The E! Network has been running hour versions of the first five seasons of Saturday Night Live — shows I haven't seen in quite some time. I recall liking the series a lot when it first debuted, even though I felt a lot of its "innovation" involved putting on TV, the kind of sketches that groups like Second City, The Committee, The Groundlings and various National Lampoon troupes had been doing for years. (And, if we believe certain members of those teams, sometimes the exact same material.) I thought SNL was fascinating to watch, often not because of what they were doing but just to see what they'd do next. At the same time, there was a certain smugness about the show, and an occasional nastiness, that made it difficult to completely embrace. I suppose I liked individual performers and sketches more than I liked the show as a whole.

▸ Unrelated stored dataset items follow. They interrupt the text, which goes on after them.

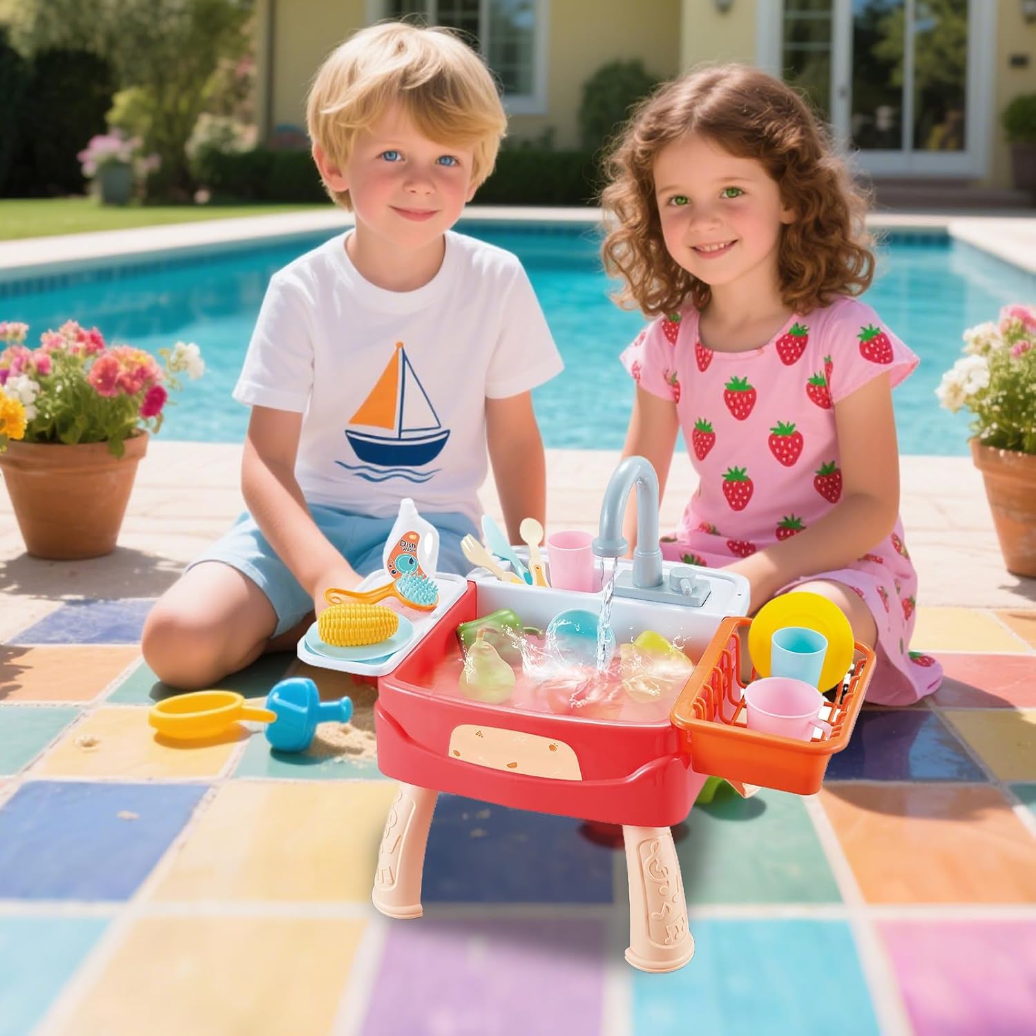 Funzione pulsante: gioco d'acqua interattivo con rubinetto da cucina realistico. Supporta giocosamente la coordinazione occhio-mano in attività educative di ruolo. Uso stabile: la struttura antiurto con struttura interna rinforzata garantisce una stabilità affidabile durante un intenso gioco da ragazzi per lungo tempo Tempo di gioco comune: rafforza il legame familiare attraverso giochi di cooperazione appositamente progettati con elementi di gioco di ruolo per promuovere la comunicazione e l'interazione genitore-figlio Gioco vicino a tutti i giorni: simulazione orientata allo sviluppo di routine da cucina con elementi educativi. Rafforza il pensiero logico e le capacità motorie grazie alle funzioni interattive a batteria. Esperienza di gioco appositamente progettata per giovani studenti. Set da gioco fantasioso: con scolapiatti e spazzola per l'imitazione creativa della casa. Gli elementi separabili facilitano la pulizia durante i giochi di ruolo varianti
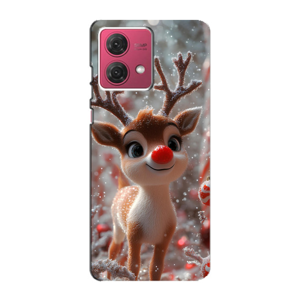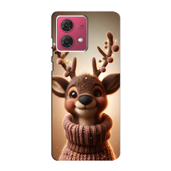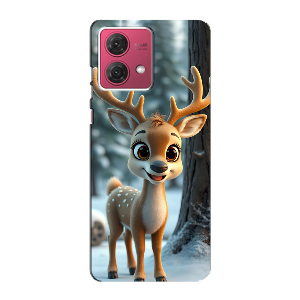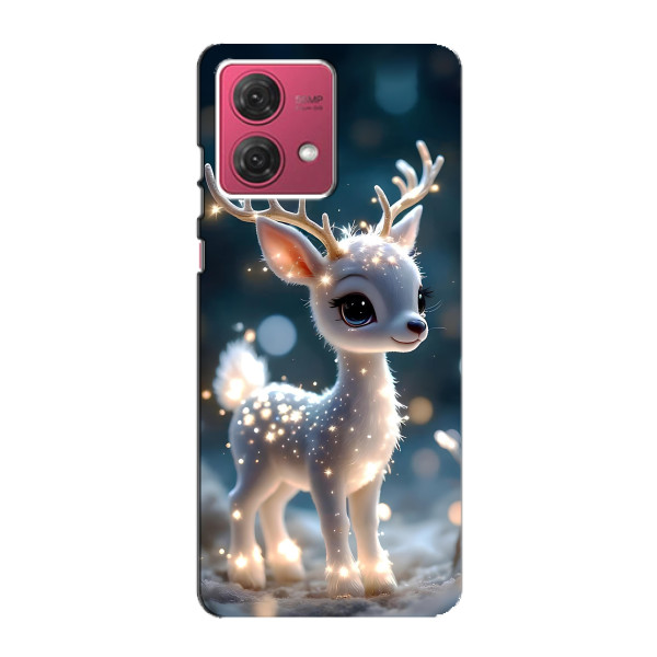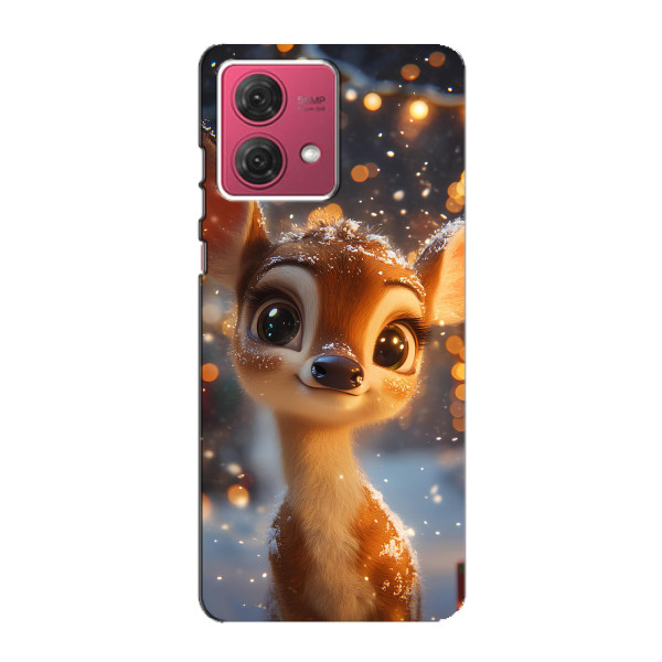 Зимняя коллекция принтов с тёплым сказочным настроением: Блестящий оленёнок, Олень в свитере, Олень с носом, Олень с шарфом, Олень среди подарков, Оленёнок в лесу, Оленёнок среди гирлянд, Оленёнок — выбери свой любимый дизайн для Motorola MOTO G84 (МОТО джи84) и добавь праздничной магии каждый день.
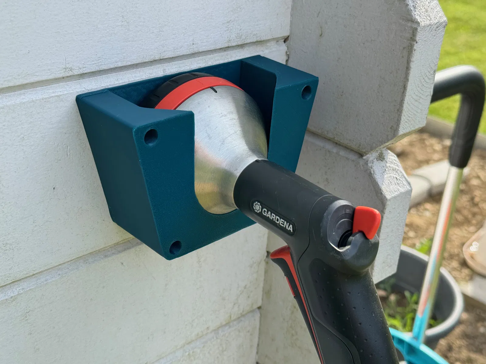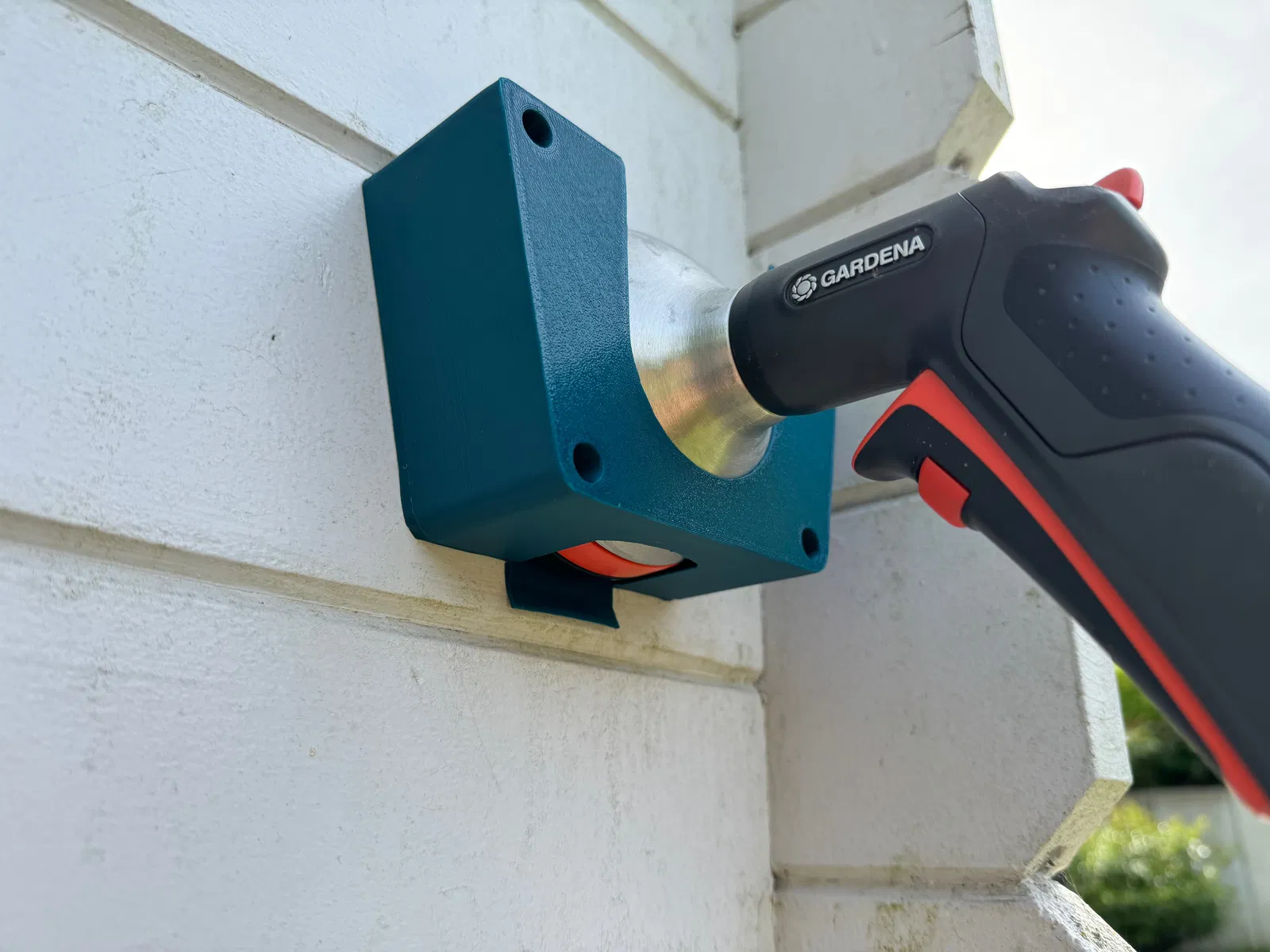 Đây là mẫu giá treo tường hai mảnh dễ in dành cho vòi tưới cây Gardena premium (No. 18317-20) hoặc vòi tưới cây Gardena comfort (No. 18315-20).

Over the Fourth of July holiday, I watched about a half-dozen episodes from the first five years and found myself enjoying them very much. Like most reruns, the shows looked chintzier than I remembered and, even with a half-hour lopped out of these shows, some had some deadly dull sketches. Still, I'd forgotten how good most of the cast members were and how sharp most of the writing was. The famed episode hosted by Richard Pryor had me laughing out loud, and even some of the "nasty" jokes didn't seem as arrogant as I'd recalled. I was also amazed how many sketches I did not remember. The running bits — things like the Coneheads and the Greek Diner and Emily Litella — stick in our mind and it's easy to remember the show as just those routines.
One thing which I think hurt my memories of this show is that it was syndicated many years ago in a half-hour version. Some shows just don't work in short doses. (Laugh-In was spectacularly ineffective when they syndicated it that way.) I suspect that when they edited those 30-minute programs, they concentrated on the recurring sketches and dumped a lot of the one-shot bits. If so, it would explain why the show seemed so repetitive when I watched those reruns and why so many of the non-series sketches seemed new to me this week.
E! runs the shows in no discernible pattern. They've been running one a night, Monday through Friday, but they seem to be moving to a 2-a-day schedule this week with episodes hosted by Elliott Gould, Buck Henry, Julian Bond, Chevy Chase, Steve Martin (3 different), Lily Tomlin and Rick Nelson. I'm watching to see if they're going to air the ones hosted by Milton Berle and Louise Lasser. These were the two that Lorne Michaels felt were so awful that he decreed they would never be rerun. But at least 30 minutes of the Lasser one made it into the syndication package of half-hour episodes…so perhaps he's softened on his pledge.